§ Entries taken from a collection:
--------------------

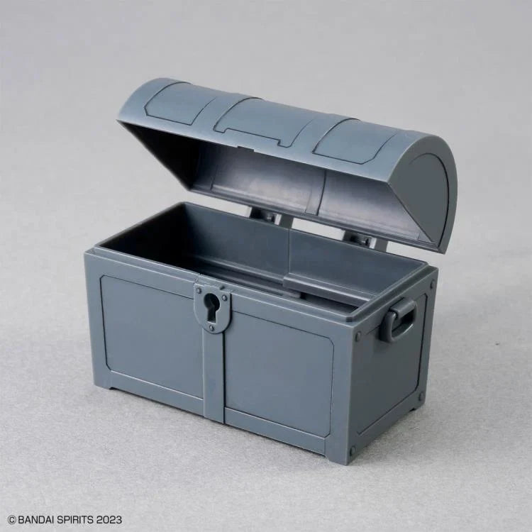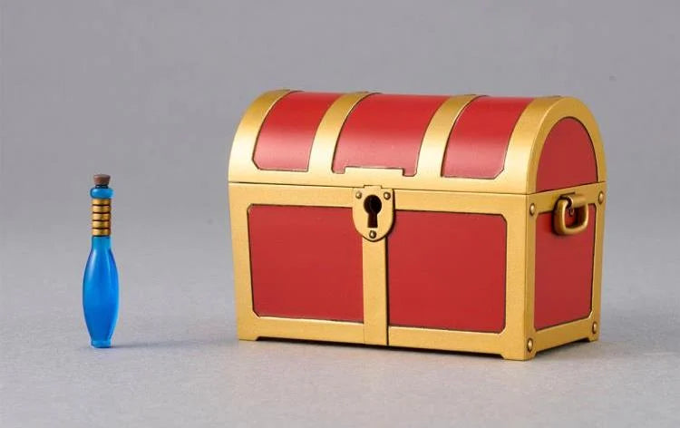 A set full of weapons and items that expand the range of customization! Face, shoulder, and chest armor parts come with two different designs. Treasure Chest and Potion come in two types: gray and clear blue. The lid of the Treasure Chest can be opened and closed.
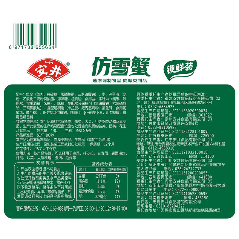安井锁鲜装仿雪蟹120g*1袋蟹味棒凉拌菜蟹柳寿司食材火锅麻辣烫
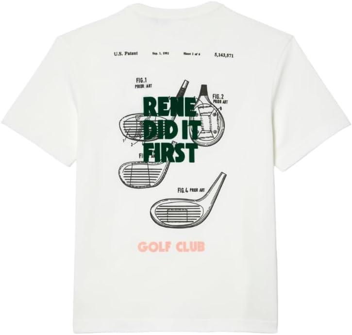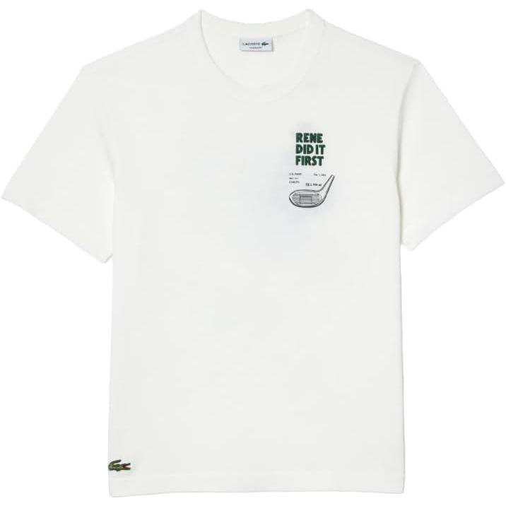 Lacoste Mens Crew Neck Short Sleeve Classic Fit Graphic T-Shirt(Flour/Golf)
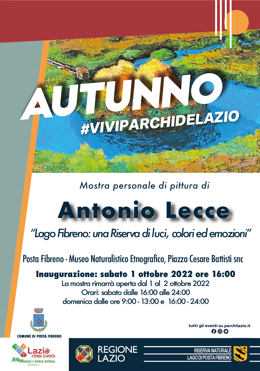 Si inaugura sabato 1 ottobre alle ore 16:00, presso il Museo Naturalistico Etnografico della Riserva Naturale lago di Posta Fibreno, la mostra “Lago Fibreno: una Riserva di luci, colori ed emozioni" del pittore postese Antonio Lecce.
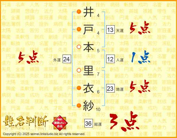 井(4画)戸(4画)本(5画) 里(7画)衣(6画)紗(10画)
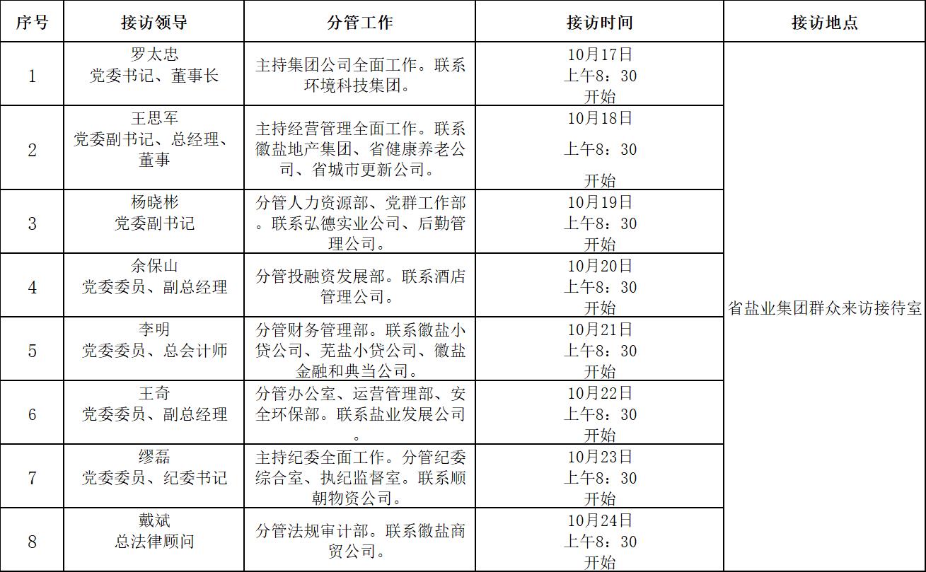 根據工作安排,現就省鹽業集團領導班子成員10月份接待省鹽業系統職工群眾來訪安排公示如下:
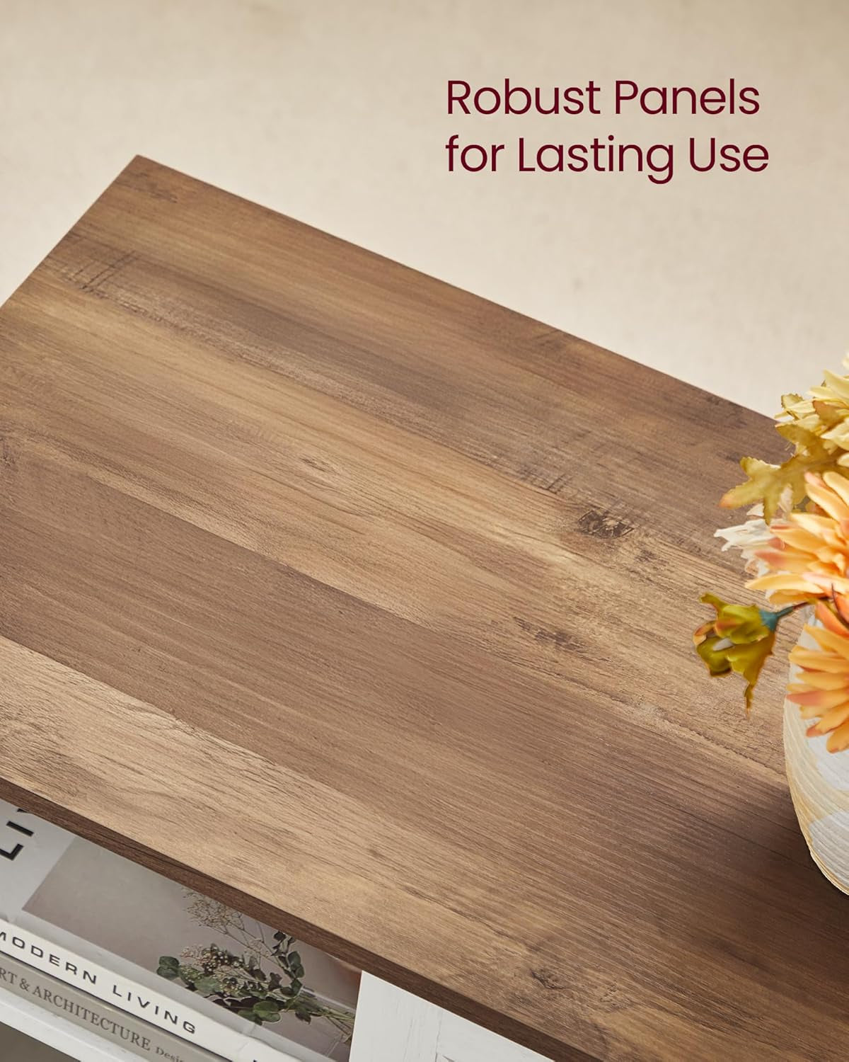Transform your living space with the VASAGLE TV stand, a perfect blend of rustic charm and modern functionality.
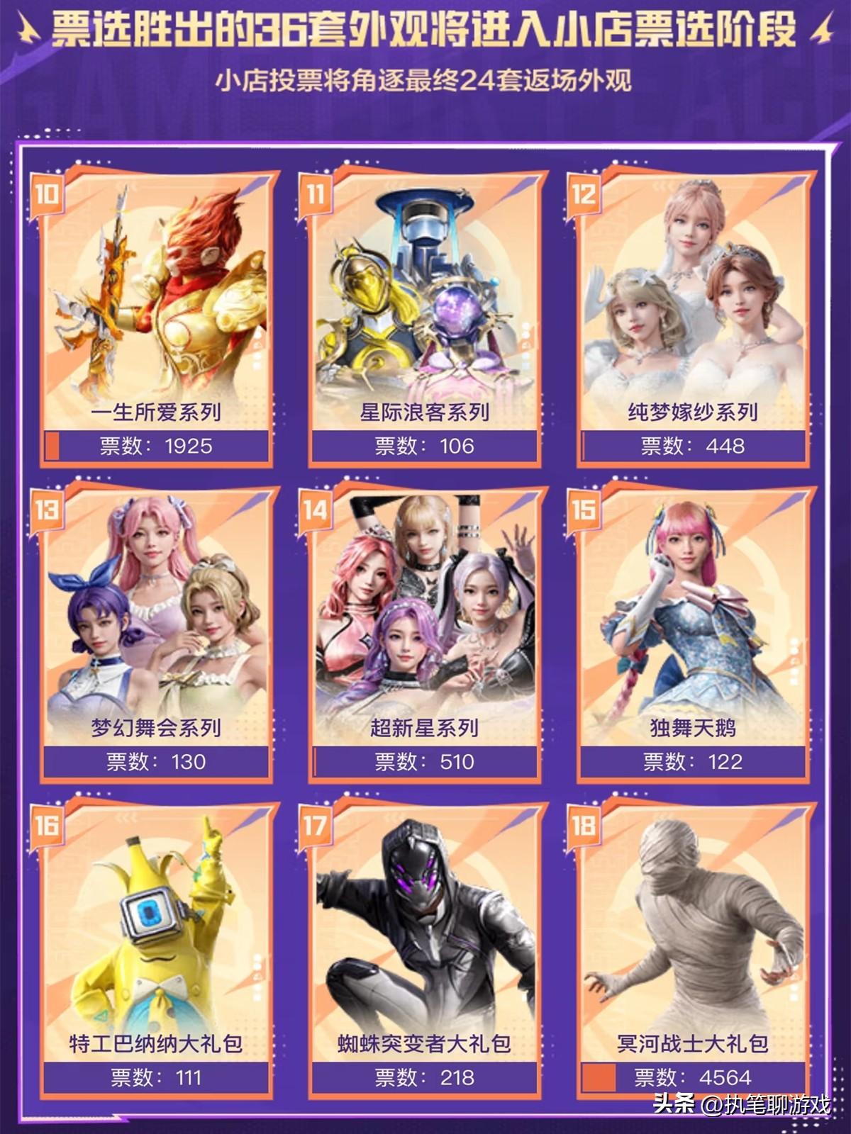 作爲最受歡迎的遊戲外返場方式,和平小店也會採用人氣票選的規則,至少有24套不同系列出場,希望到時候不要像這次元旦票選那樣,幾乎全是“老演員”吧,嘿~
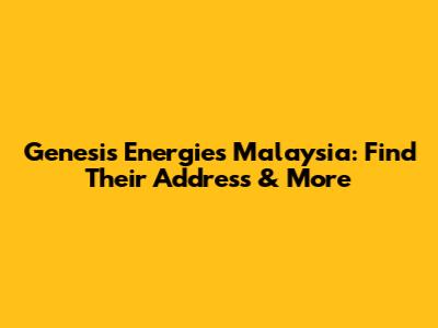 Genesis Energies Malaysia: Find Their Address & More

--------------------

§ EXERCISE PROMPT: Each line from the first line of the data above through the one containing "作爲最受歡迎的遊戲外返場方式" must be set down exactly; the pictures must not be.

§ ANSWER BELOW:
 A set full of weapons and items that expand the range of customization! Face, shoulder, and chest armor parts come with two different designs. Treasure Chest and Potion come in two types: gray and clear blue. The lid of the Treasure Chest can be opened and closed.
安井锁鲜装仿雪蟹120g*1袋蟹味棒凉拌菜蟹柳寿司食材火锅麻辣烫
 Lacoste Mens Crew Neck Short Sleeve Classic Fit Graphic T-Shirt(Flour/Golf)
 Si inaugura sabato 1 ottobre alle ore 16:00, presso il Museo Naturalistico Etnografico della Riserva Naturale lago di Posta Fibreno, la mostra “Lago Fibreno: una Riserva di luci, colori ed emozioni" del pittore postese Antonio Lecce.
 井(4画)戸(4画)本(5画) 里(7画)衣(6画)紗(10画)
 根據工作安排,現就省鹽業集團領導班子成員10月份接待省鹽業系統職工群眾來訪安排公示如下:
Transform your living space with the VASAGLE TV stand, a perfect blend of rustic charm and modern functionality.
 作爲最受歡迎的遊戲外返場方式,和平小店也會採用人氣票選的規則,至少有24套不同系列出場,希望到時候不要像這次元旦票選那樣,幾乎全是“老演員”吧,嘿~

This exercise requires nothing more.